California’s law banning all ivory trade gets US NGO court challenge
Emmanuel Koro
POOR rural communities in African elephant range states may now have a more effective representative for their ivory trade interests in the United States of America.
For the past 43 years, these communities have struggled to get a Western citizen or organisation to tell Western people this truth through Western courts; banning ivory sales is disastrous for both Africa’s socio-economic well-being and for elephant conservation.
Fortunately, a California-based environmental non-governmental organisation (NGO), the Ivory Education Institute (IEI), has pursued a landmark lawsuit against the USA’s State of California, challenging the constitutionality of a law banning all ivory trade in its jurisdiction.
Besides the State of California, the IEI’s case is being opposed by the Natural Resource Defence Council, the Centre for Biological Diversity, and the Humane Society of the United States, the International Fund for Animal Welfare, and the Wildlife Conservation Society. These are some of the world’s biggest, richest, and most intrusive animal rights groups that continue to demand an unjustified end to any use of wild animals for economic benefit.
The IEI Managing Director, Mr Godfrey Harris, is fiercely opposed to the State of California’s new law.

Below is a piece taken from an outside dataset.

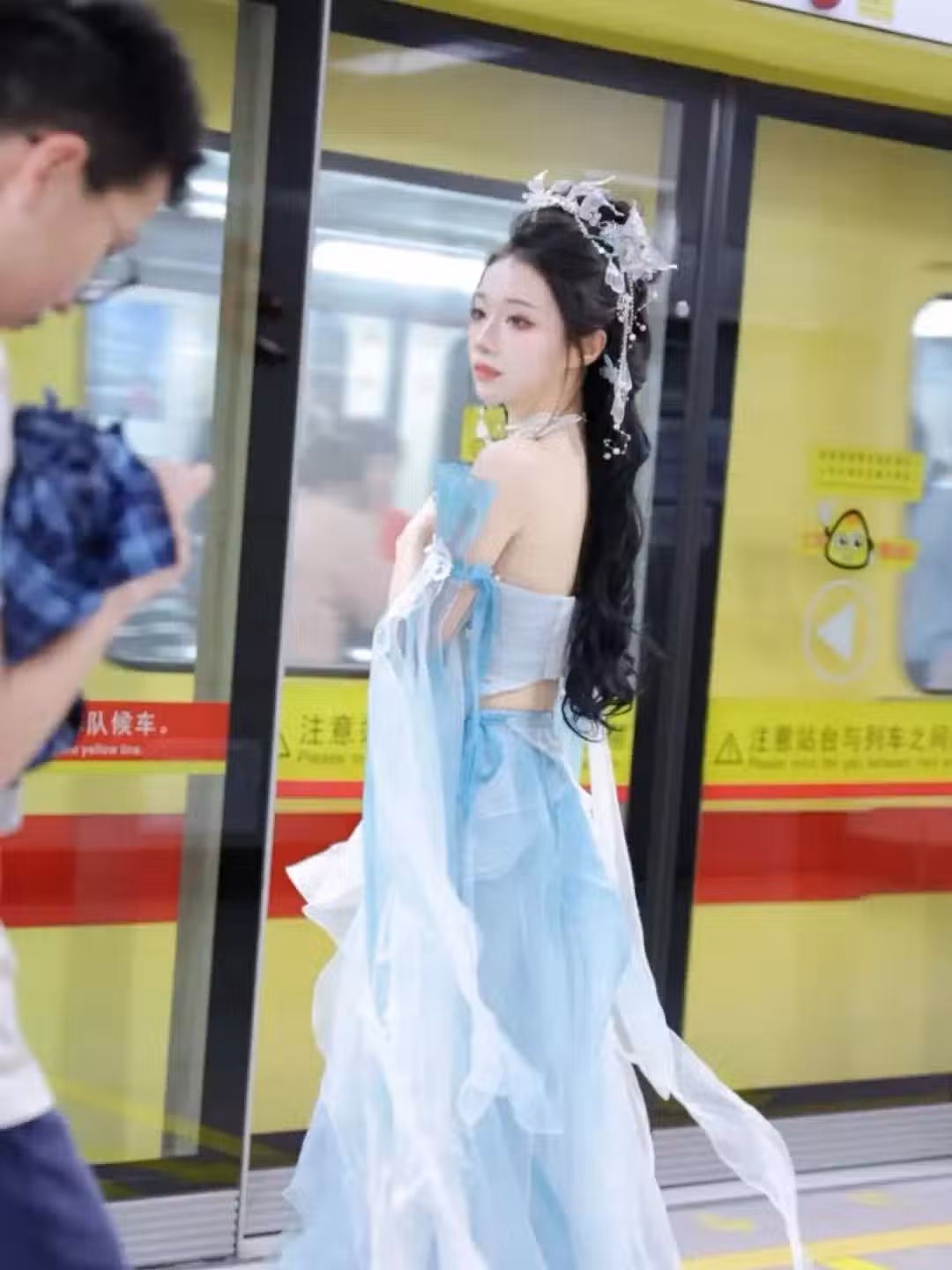 事實上,這名正妹名叫「蓮蓮子」,是一名漢服模特兒,經常在小紅書曬出自己穿各種華麗漢服的照片,熱愛漢服的她也時不時會穿漢服搭乘地鐵,不僅僅是水藍色的漢服,無論是深紫色、粉紅色甚至是容易老氣的紅色,穿在她身上都變得格外氣質美麗。

He believes it prevents economically disadvantaged African elephant range states and their poor rural communities from benefiting from ivory sales in California — an important international market for antique and worked culturally important ivory pieces.
“The statute is actually the product of various Western animal rights organisations who have used their financial resources to influence how African nations should treat their wildlife resources,” said Mr Harris who is fast emerging as one of America’s most outspoken citizens in support of sustainable development in African elephant range states that include Botswana, Namibia, South Africa, Zambia and Zimbabwe.
“The legislature in California has no business in abetting this repellant racism and colonialism. It is attempting to do in the 21st century what Rhodes, Leopold, Bismarck, Livingston and other 19th century colonialists did when they insisted that white men had a burden to bring commerce, civilisation and Christianity to Africa.”
As time ticks towards the IEI’s October 2018 court hearing, environmentalists worldwide, including African elephant range states’ poor rural communities who pay for the costs of living side by side with elephants but without benefits from them and are severely affected by the State of California’s law; are now waiting with great interest to learn of the court case outcome.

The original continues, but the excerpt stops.